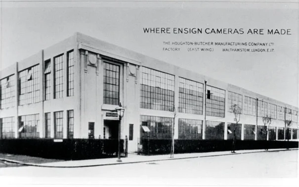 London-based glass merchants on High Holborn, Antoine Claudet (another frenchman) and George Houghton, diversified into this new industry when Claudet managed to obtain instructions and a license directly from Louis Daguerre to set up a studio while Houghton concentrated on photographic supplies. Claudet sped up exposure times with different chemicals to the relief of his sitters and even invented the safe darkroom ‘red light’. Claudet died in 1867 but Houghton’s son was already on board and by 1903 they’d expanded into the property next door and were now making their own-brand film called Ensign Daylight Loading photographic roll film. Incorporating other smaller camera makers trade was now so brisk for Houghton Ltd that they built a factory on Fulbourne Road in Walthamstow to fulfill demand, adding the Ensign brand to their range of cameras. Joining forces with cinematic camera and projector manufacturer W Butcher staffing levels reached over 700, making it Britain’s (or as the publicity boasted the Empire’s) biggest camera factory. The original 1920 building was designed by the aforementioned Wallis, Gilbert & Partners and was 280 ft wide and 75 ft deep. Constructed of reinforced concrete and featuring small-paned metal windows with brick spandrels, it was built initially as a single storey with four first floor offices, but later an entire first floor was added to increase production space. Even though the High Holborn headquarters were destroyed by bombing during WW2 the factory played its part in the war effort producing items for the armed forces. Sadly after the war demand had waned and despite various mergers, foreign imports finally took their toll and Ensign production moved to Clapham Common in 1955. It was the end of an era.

---

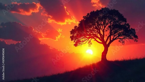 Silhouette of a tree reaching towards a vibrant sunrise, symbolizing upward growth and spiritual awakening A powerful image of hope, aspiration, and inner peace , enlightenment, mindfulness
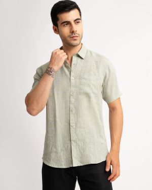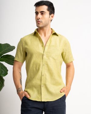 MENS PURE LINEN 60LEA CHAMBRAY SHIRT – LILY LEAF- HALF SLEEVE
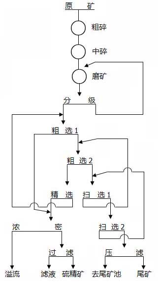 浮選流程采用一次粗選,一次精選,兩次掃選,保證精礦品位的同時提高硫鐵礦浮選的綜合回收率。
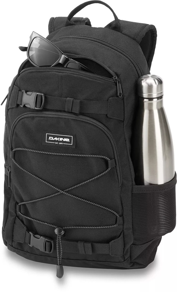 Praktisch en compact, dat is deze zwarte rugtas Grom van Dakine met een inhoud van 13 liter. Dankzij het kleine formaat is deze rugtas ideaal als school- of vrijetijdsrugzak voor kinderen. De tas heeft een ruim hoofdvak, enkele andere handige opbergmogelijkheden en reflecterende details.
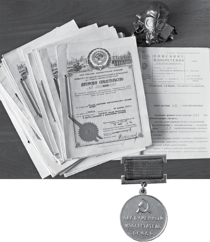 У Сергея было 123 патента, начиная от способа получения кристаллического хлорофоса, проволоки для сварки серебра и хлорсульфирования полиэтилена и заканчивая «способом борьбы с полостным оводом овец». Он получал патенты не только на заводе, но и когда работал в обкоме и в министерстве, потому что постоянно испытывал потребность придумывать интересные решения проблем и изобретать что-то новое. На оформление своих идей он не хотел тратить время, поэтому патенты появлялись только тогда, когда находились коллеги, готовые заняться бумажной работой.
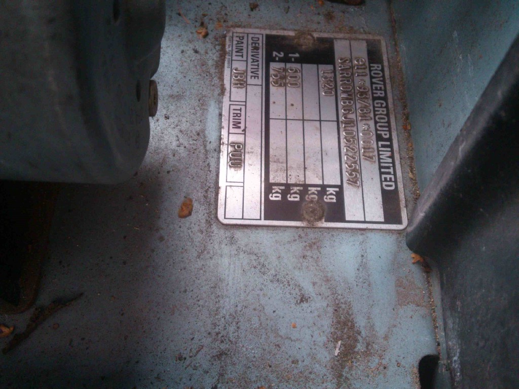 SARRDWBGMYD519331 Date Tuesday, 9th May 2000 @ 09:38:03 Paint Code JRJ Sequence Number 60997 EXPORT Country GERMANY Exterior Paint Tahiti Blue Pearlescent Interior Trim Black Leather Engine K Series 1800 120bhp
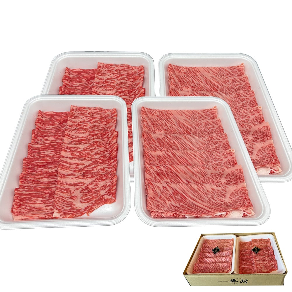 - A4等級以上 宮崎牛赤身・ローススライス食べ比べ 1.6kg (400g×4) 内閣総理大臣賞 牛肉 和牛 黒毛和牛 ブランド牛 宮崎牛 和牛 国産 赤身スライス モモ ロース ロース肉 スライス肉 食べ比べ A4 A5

= WHAT YOU WILL DO =
Copy word for word the lines of the records above from the one with "浮選流程采用一次粗選,一次精" up to and including the one with "Praktisch en compact, dat". Skip the pictures.

= ANSWER FOR THIS EXERCISE =
 浮選流程采用一次粗選,一次精選,兩次掃選,保證精礦品位的同時提高硫鐵礦浮選的綜合回收率。
 Praktisch en compact, dat is deze zwarte rugtas Grom van Dakine met een inhoud van 13 liter. Dankzij het kleine formaat is deze rugtas ideaal als school- of vrijetijdsrugzak voor kinderen. De tas heeft een ruim hoofdvak, enkele andere handige opbergmogelijkheden en reflecterende details.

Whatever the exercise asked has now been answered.